BoozBot‘s second appearance was at the Eyebeam Mixer this past Saturday, and although I wasn’t there to witness it due to a previously scheduled and essential retreat into nature, the stories that I have heard so far have been amazing. People really seem to enjoy talking to BoozBot, and the process of programming him has lead to all kinds of interesting questions and challenges
Steve Lambert now joins the BoozBot Operator Roster along with Scott V. from Oakland. Steve sent this chat transcript, which is a bit hard to read because it is only one side of the conversation, but funny nonetheless.
David Jimison, my collaborator on the project, also posted his thoughts about the project and the evening.
How He Works
My role in the creation of BoozBot was mostly on the software side, with Dave doing most of the building. The main questions that interested me were:
- How can I make software that contains its own personality, even though the operator might change?
- How can I make a text interface that is extremely easy to use, and minimizes the disadvantage of having to type in responses in a real-time conversation?
- Where is the sweet spot between automation and human intelligence?
- And, one of my favorite new questions: are there any general principles for writing funny software?
So I thought I would give a little explanation of how he currently works, and how I answered each of these questions.

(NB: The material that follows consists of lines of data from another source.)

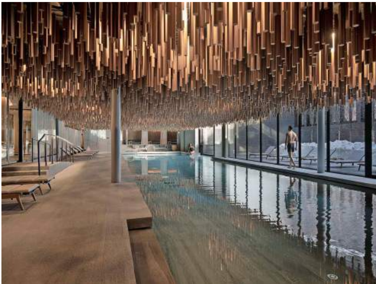
Herzstück im Six Senses ins Crans-Montana: Die 2200 Quadratmeter grosse Wellnesszone.

Das umweltschonende Konzept wird in diesem Hotel bis ins Detail gelebt. Doch der grosse Haken daran bleibt: Um mit gutem Gewissen zu geniessen, jettet die Mehrheit der Hippies of Luxury Tausende Kilometer weit.
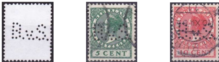
Afb. 2: de perfin BVS, die gebruikt werd van 1925 tot 1932 4)

Ook het secretariaat van de Kamer van Koophandel werd hier gevestigd. Waarom dit pand 'Maison Boes' werd genoemd is niet bekend. Het pand werd in 1931 onderdeel van het ernaast gelegen hotel-café-restaurant Modern. Inmiddels bestaat het niet meer. Op deze locatie op de hoek van de Heuvel en de Spoorlaan werd later het nieuwe kantoor van ABN-AMRO gebouwd.
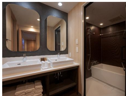
ゆったりとした洗面・浴室
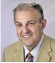
Bürgermeister Johann Plach
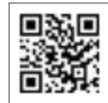
③自治体マイページ
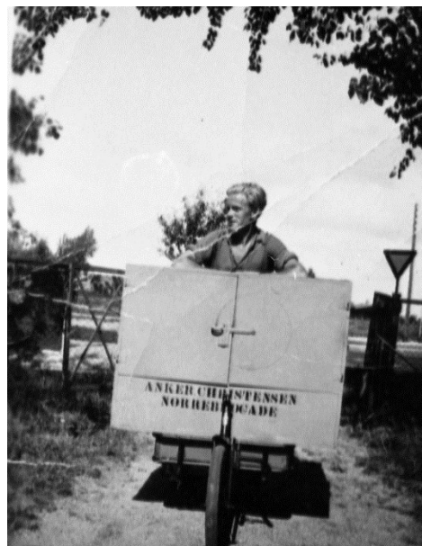
Brødet fra Frederiksberg bliver bragt til Hundige med budcykel ca. 1930'erne
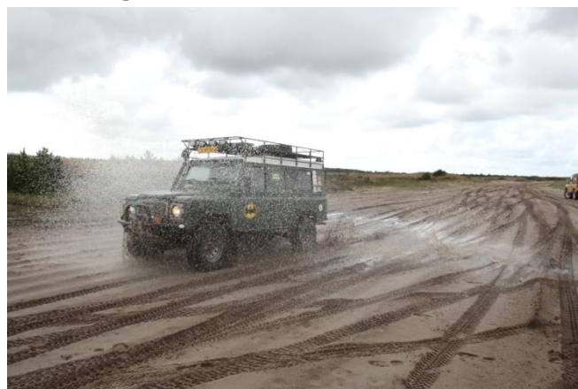
Ups en vandpyt
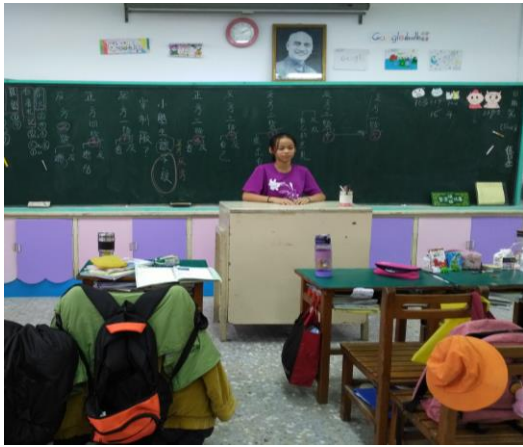
法治教育 小學生該不該穿制服 辯論

First of all, for the sake of simplicity, we use puppet terminology to talk about BoozBot. For instance, the person who is controlling BoozBot is the puppeteer, BoozBot is the puppet, and the software that runs on the laptop attached to BoozBot is the puppet software. We decided pretty early on that we wanted to try to minimize the requirements for the puppeteer by not requiring any additional software beyond a simple Skype client, so all of the functionality for BoozBot exists on the puppet side. This made for some interesting interface challenges.
The technical requirements for the puppet software were that it be able to
- receive Skype video calls from a puppeteer
- receive Skype messages from that puppeteer and interpret them
- read text aloud using a text-to-speech engine, and fire viseme events to trigger mouth shapes
- send serial commands to an Arduino board in response to commands from the puppeteer
- take photographs from “eyes” and send them to Flickr
After much research and deliberation, I reluctantly decided to go with C# for this first version of the software. At first, I was determined to use an open language. I wanted to develop it in OpenFrameworks as a mac-only application. I wanted to figure out how to get access to the Carbon Speech API, and use the Skype.framework with the wonderful iVox voice fonts, but it ended up being way too difficult. I couldn’t figure out how to create wrappers for the Objective C code for C++, and I didn’t have the time to really dive in and figure it out. C# just makes stuff so damned easy, and I had already bought a bunch of AT&T NatrualVoices voice fonts, so I eventually caved in. Furthermore, in the end, we decided that Microsoft Mike – one of the default Microsoft voice fonts – was perfect for our needs since BoozBot was supposed to be kind of low tech.
For the 1.0 version, I plan on re-writing the software in openFrameworks or Java, depending on a little additional research.
The full list of resources I used:
- Visual C# 2008 Express Edition
- Skype4COM
- EmguCV (although the features aren’t yet active)
- DirectShowNET a C# wrapper for DirectShow
- Microsoft Speech API
- Flickr.NET with help from the Coding4Fun tutorial
- ForecastXML service from Weather Underground AP
The following list is the commands that the puppeteer could send to boozbot. To connect to BoozBot, the puppeteer would sign onto Skype and simply call the ‘boozbot’ user. BoozBot would automatically answer the call (if you are on his friends list) and start sending the puppeteer a video feed. The puppeteer can then send boozbot any text or command he wishes. The commands work just like IRC – anything that starts with a ‘/’ is considered a command, and everything else is dialog.
- Any text sent to BoozBot that does not begin with a slash (‘/’) will be treated as dialog and read aloud.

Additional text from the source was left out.